Evelev, a knowing fan of Asian music who’d released influential albums of Indonesian music on his Icon label prior to arriving at Luaka, hoped to expand its scope in that direction with a new series devoted to Asia Classics. Unfortunately, 1992’s The South Indian Film Music of Vijaya Anand: Dance Raja Dance, turned out to be one of the label’s two worst-selling albums alongside its successor, 1994’s The Best of Shoukichi Kina: Peppermint Tea House. Dance Raja Dance remains one of Luaka’s more daring and experimental releases. Bollywood’s kitchen-sink aesthetic found its apotheosis in music director Anand’s folk rhythms, disco synths, fuzzy guitars, jazzy flutes, cheesy sound effects, and sultry vocals. It’s irony-free music of overwhelming maximalist pleasure.
Although their compilations were moving nicely at Warners, the label encouraged Evelev and Byrne to improve their numbers by signing new acts. This resulted in releases by California rockers Geggy Tah, British Indi-pop group Cornershop, and Latin ska outfit King Changó. Luaka’s first band signing, however, was the British dream pop duo A.R. Kane. Released in 1992, Americana collected tracks from Alex Ayuli and Rudy Tambala’s two dubby and danceable British releases, 69 and “i,” which never found the audience they deserved. The band’s magic had mostly dissipated by 1994, however, when the duo recorded New Clear Child for Luaka, although transcendent passages of oceanic funk still floated to the surface occasionally.

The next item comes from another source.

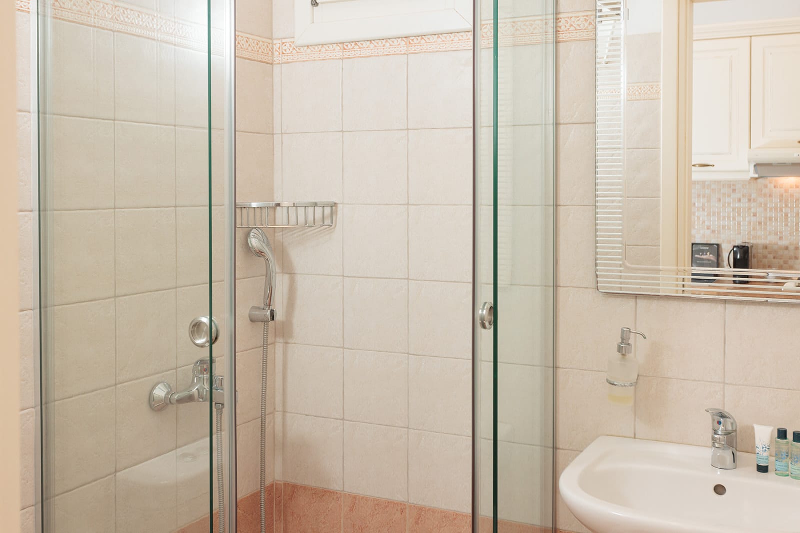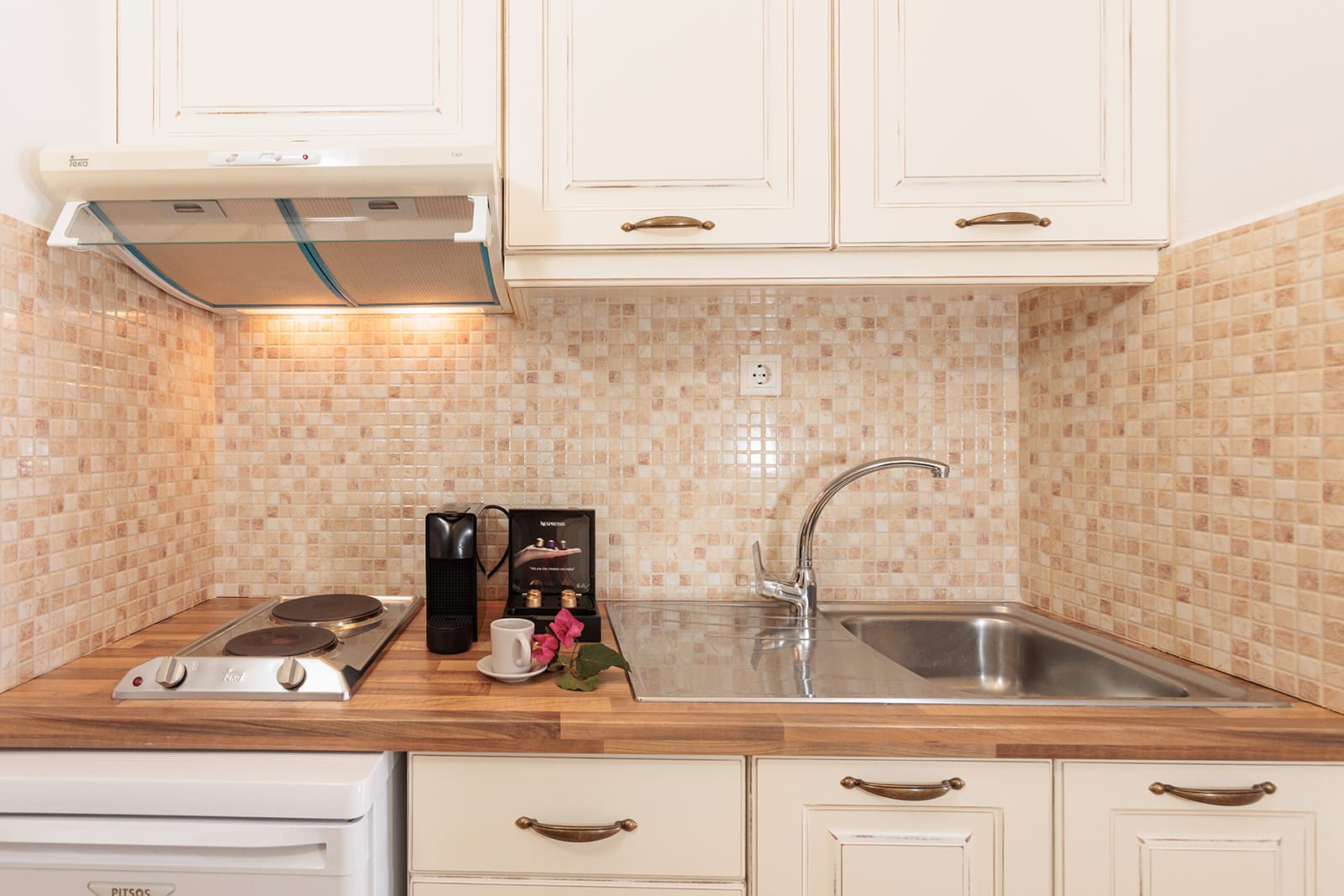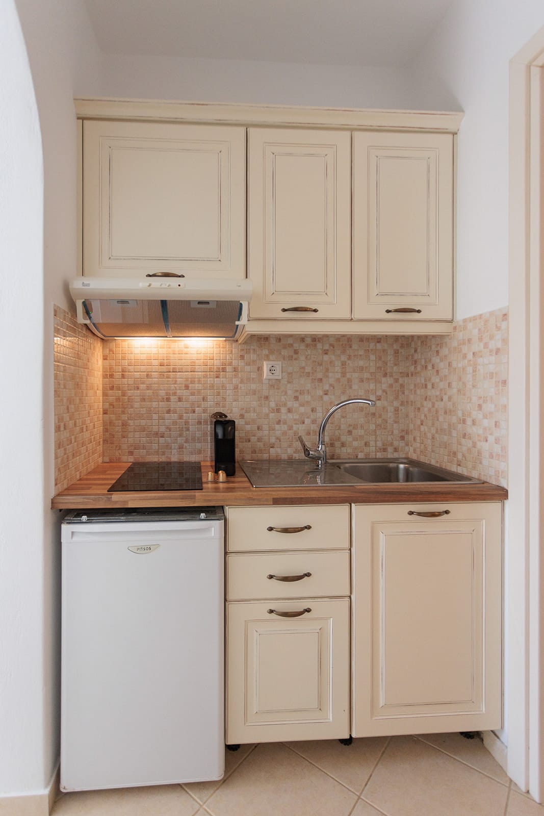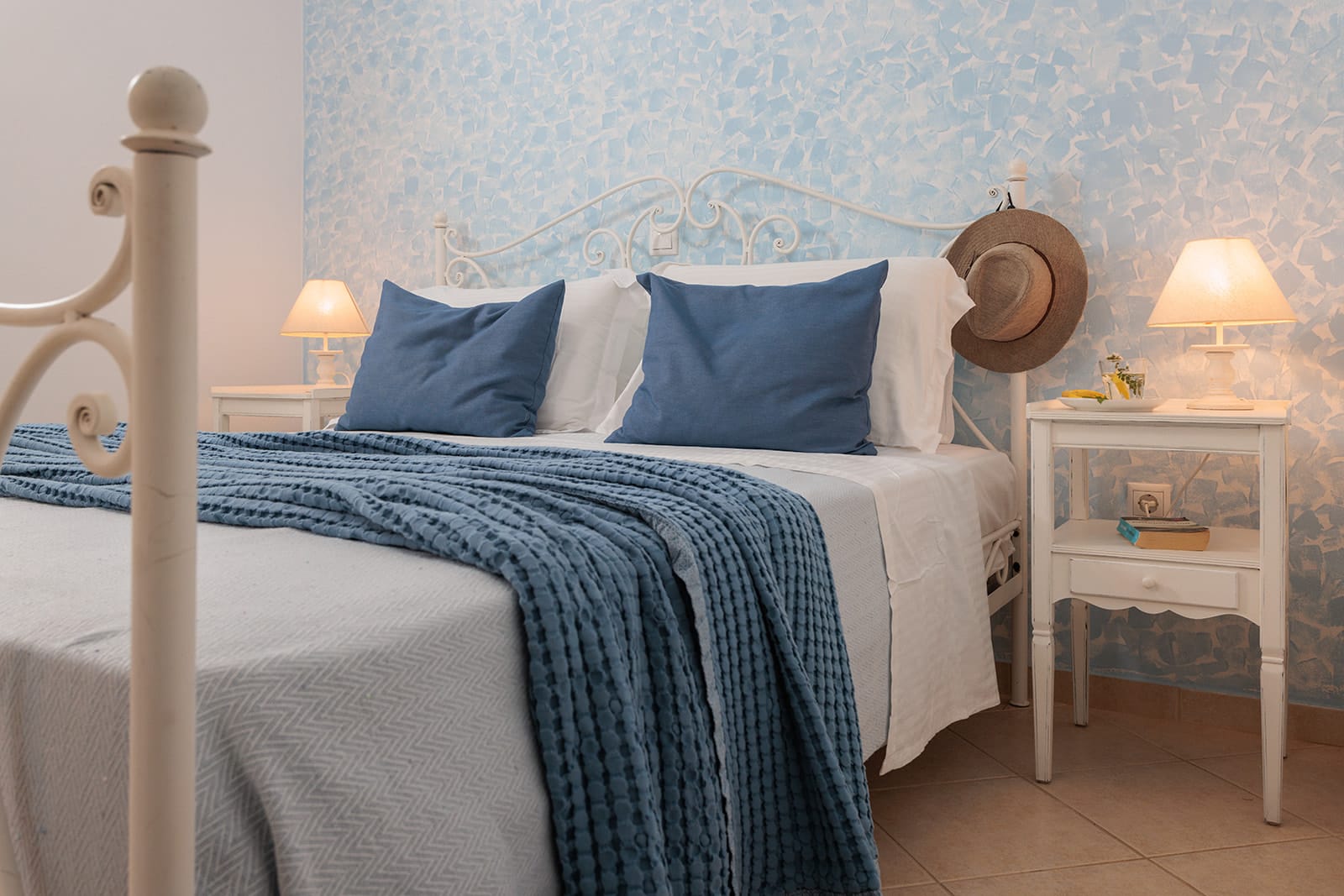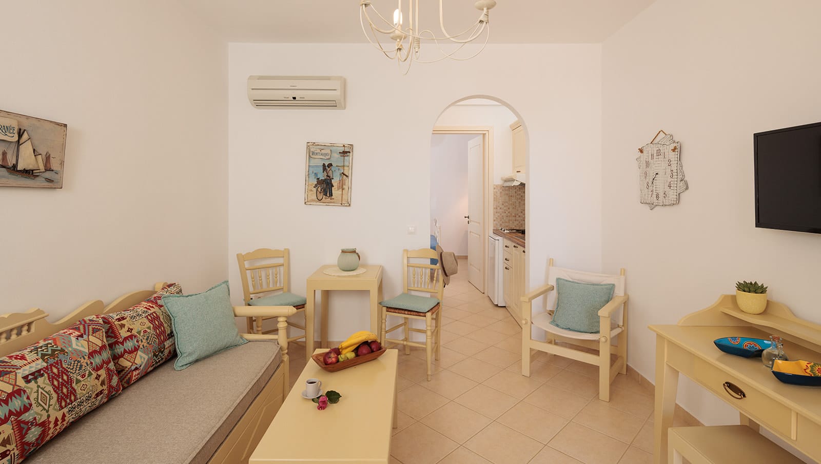 The apartment features one bedroom with a double bed, a living room with two single sofa beds, a fully equipped kitchen, a bathroom with shower, and a private veranda. The apartment also offers a shared courtyard with a barbeque area and shared tables and seating, ideal for enjoying the evening with friends. It is also sunny and airy, providing stunning views of the garden and sunlight.
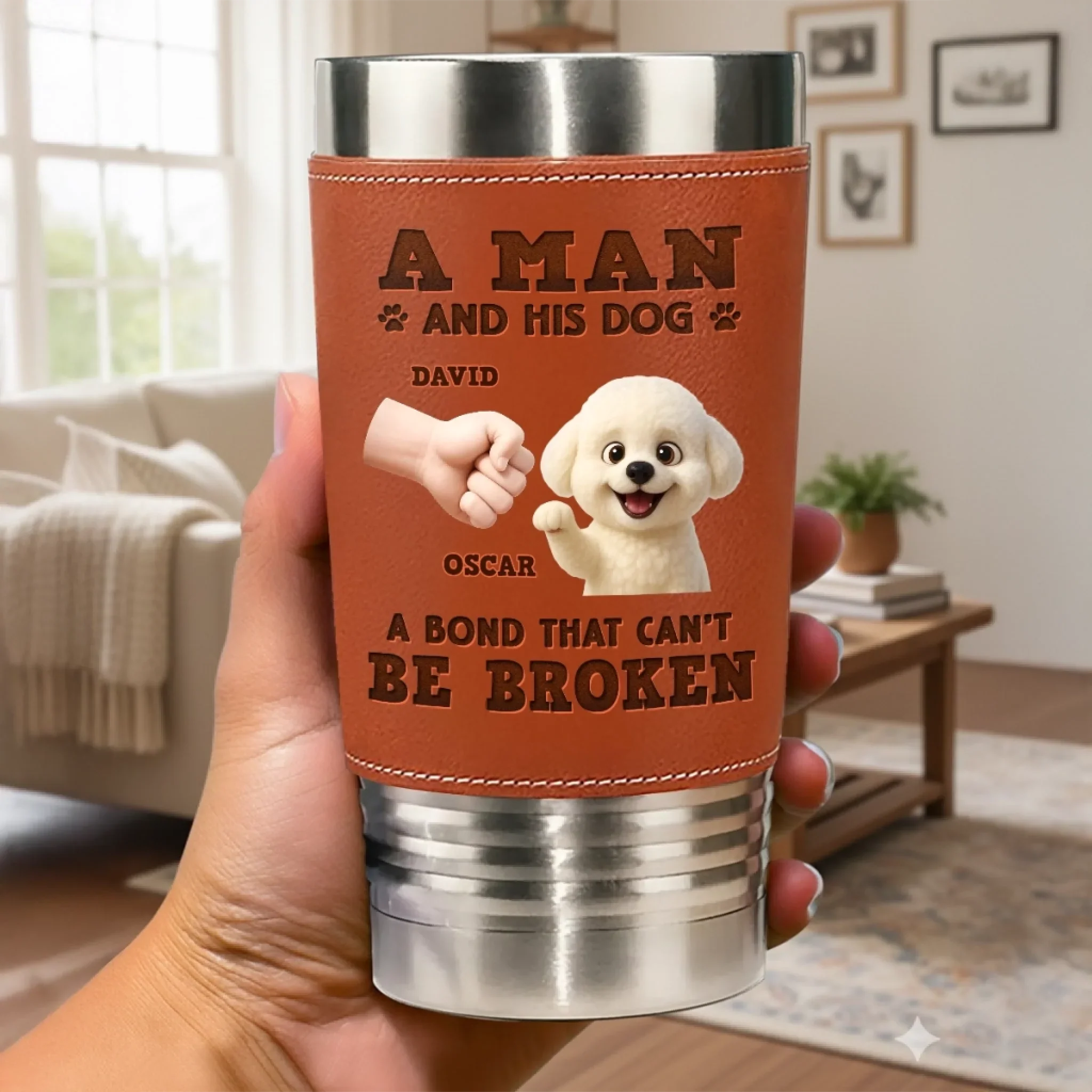 Custom Printed Leather Tumbler - Personalized Birthday Gifts For Dog Lovers, Dog Dad And Mom - Happiness Is A Wag

If any single artist reflected the Luaka Bop esthetic, it would probably be Tom Zé, the most outlandish and surreal member of the loosely knit Tropicalistas who revolutionized late ’60s Brazilian pop. Zé was on the verge of abandoning his musical career when Luaka released The Best of Tom Zé in 1994. Zé’s third Luaka release, 1998’s high-concept Com Defeito de Fabricação (Fabrication Defect), was the first to capture Zé in all his hilarious and subversive glory. Fabricação contains a handful of perfect songs with a twist. They’re exquisitely tuneful, glisteningly produced Brazilian gems, with lyrics such as “Screw your usury / In the multinational / Shove it up your Virgin / You son of a cross.”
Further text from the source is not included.